**Given records:**
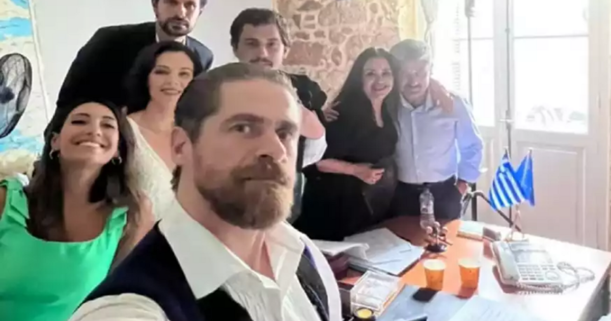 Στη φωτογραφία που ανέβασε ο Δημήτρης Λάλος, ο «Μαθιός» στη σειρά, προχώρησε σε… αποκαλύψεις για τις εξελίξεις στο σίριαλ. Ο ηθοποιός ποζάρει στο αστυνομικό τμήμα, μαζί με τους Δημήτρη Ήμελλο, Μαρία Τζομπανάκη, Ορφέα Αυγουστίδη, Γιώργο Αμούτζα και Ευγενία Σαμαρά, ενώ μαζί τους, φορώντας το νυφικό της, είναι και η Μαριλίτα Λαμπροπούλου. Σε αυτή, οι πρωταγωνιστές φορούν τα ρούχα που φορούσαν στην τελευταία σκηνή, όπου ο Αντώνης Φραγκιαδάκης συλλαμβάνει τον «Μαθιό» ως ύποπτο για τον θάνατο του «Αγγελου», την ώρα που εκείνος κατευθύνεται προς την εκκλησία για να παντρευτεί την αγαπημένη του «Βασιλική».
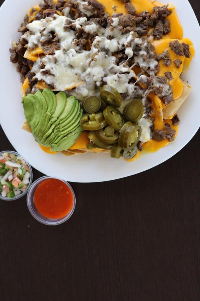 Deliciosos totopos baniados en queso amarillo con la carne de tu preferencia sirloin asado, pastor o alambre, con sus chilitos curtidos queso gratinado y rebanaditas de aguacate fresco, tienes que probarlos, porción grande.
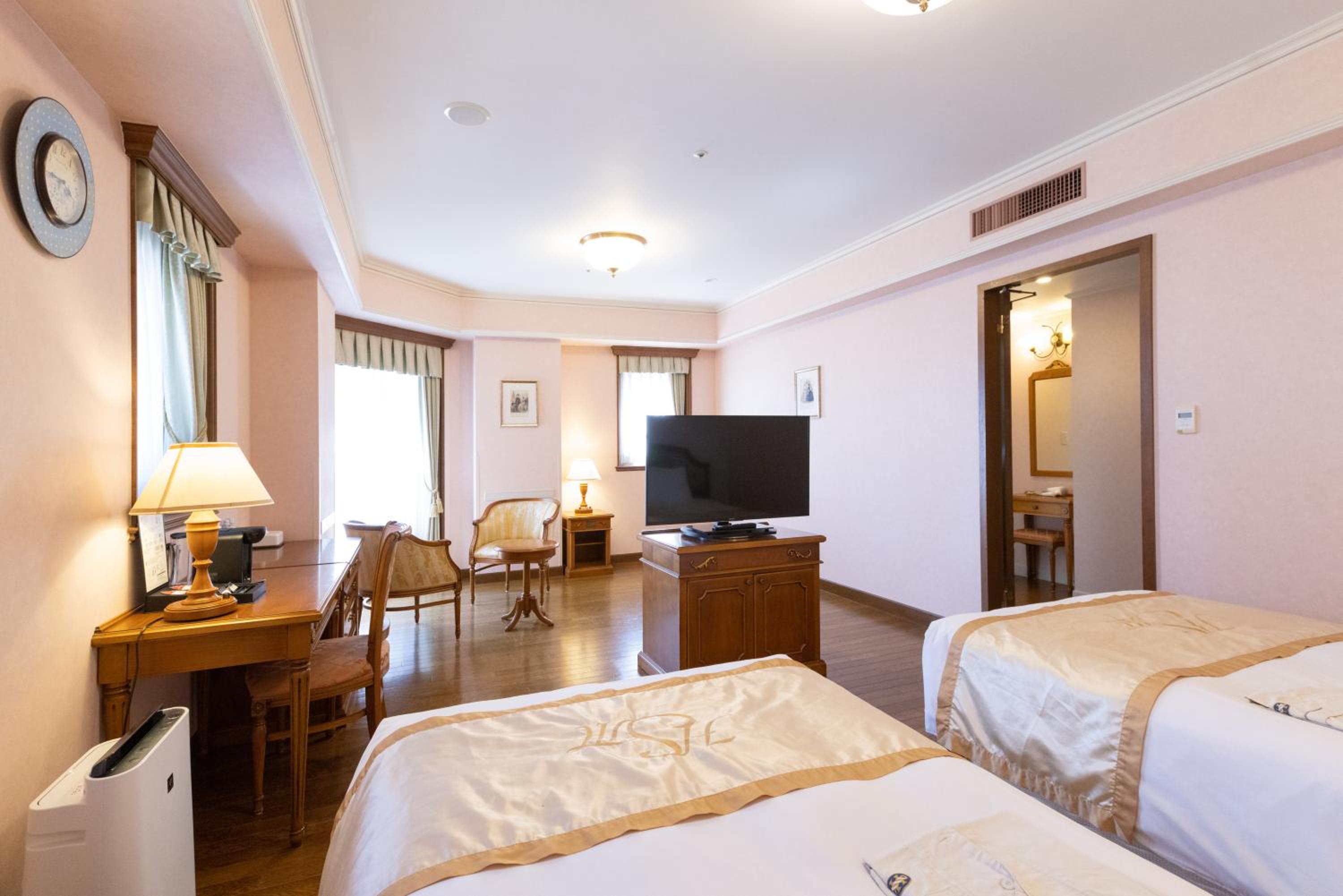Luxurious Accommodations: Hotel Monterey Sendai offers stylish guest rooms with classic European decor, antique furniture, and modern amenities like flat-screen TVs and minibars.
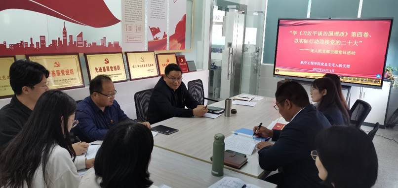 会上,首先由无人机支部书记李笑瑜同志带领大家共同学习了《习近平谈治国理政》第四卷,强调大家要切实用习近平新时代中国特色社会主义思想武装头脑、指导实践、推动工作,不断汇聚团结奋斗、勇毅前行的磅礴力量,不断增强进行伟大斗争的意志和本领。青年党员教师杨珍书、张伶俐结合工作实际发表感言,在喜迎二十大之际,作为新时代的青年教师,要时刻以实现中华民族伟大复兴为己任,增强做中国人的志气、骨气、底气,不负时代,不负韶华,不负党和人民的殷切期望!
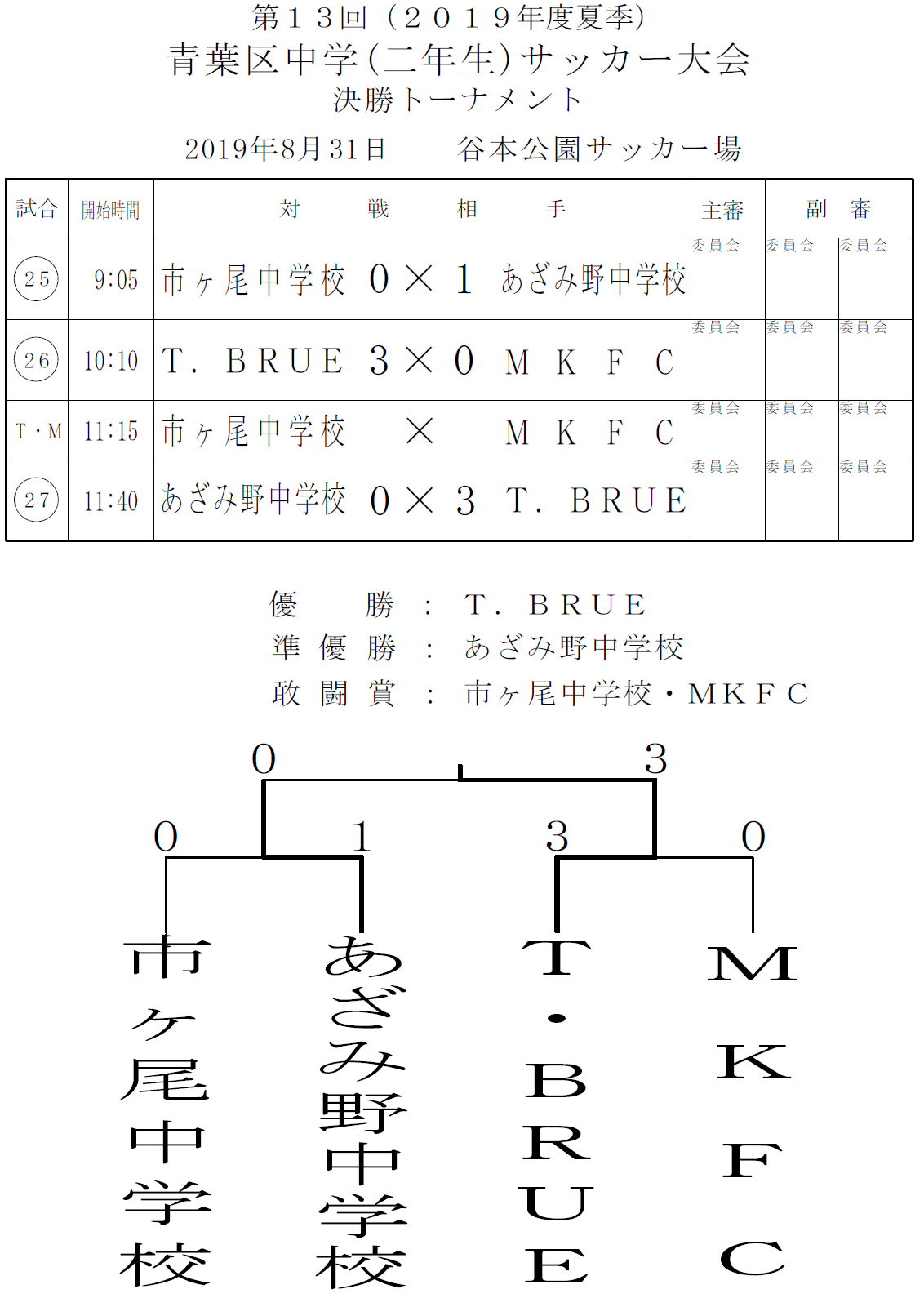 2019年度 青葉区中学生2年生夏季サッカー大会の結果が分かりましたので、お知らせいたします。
...
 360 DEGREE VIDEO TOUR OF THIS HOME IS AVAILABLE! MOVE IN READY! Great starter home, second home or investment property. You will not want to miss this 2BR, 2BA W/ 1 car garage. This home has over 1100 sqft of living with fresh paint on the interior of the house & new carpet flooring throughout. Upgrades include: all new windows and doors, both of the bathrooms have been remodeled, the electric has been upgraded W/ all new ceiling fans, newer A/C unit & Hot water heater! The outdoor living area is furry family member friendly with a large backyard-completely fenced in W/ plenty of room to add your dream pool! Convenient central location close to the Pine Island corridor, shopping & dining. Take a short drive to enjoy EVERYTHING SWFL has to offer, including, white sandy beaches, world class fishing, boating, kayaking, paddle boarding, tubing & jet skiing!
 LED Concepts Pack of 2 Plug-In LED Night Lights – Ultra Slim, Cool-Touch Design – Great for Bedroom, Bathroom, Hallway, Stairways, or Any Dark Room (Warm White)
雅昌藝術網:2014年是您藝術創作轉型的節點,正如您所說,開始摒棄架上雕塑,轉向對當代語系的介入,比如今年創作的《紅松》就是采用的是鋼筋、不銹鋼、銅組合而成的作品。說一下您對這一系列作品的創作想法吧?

**What you need to do:**
Find the line with "会上,首先由无人机支部书记李" in the data above, and from there retype each line exactly through the line with "2019年度 青葉区中学生2", skipping the pictures along the way.

**Expected output:**
 会上,首先由无人机支部书记李笑瑜同志带领大家共同学习了《习近平谈治国理政》第四卷,强调大家要切实用习近平新时代中国特色社会主义思想武装头脑、指导实践、推动工作,不断汇聚团结奋斗、勇毅前行的磅礴力量,不断增强进行伟大斗争的意志和本领。青年党员教师杨珍书、张伶俐结合工作实际发表感言,在喜迎二十大之际,作为新时代的青年教师,要时刻以实现中华民族伟大复兴为己任,增强做中国人的志气、骨气、底气,不负时代,不负韶华,不负党和人民的殷切期望!
 2019年度 青葉区中学生2年生夏季サッカー大会の結果が分かりましたので、お知らせいたします。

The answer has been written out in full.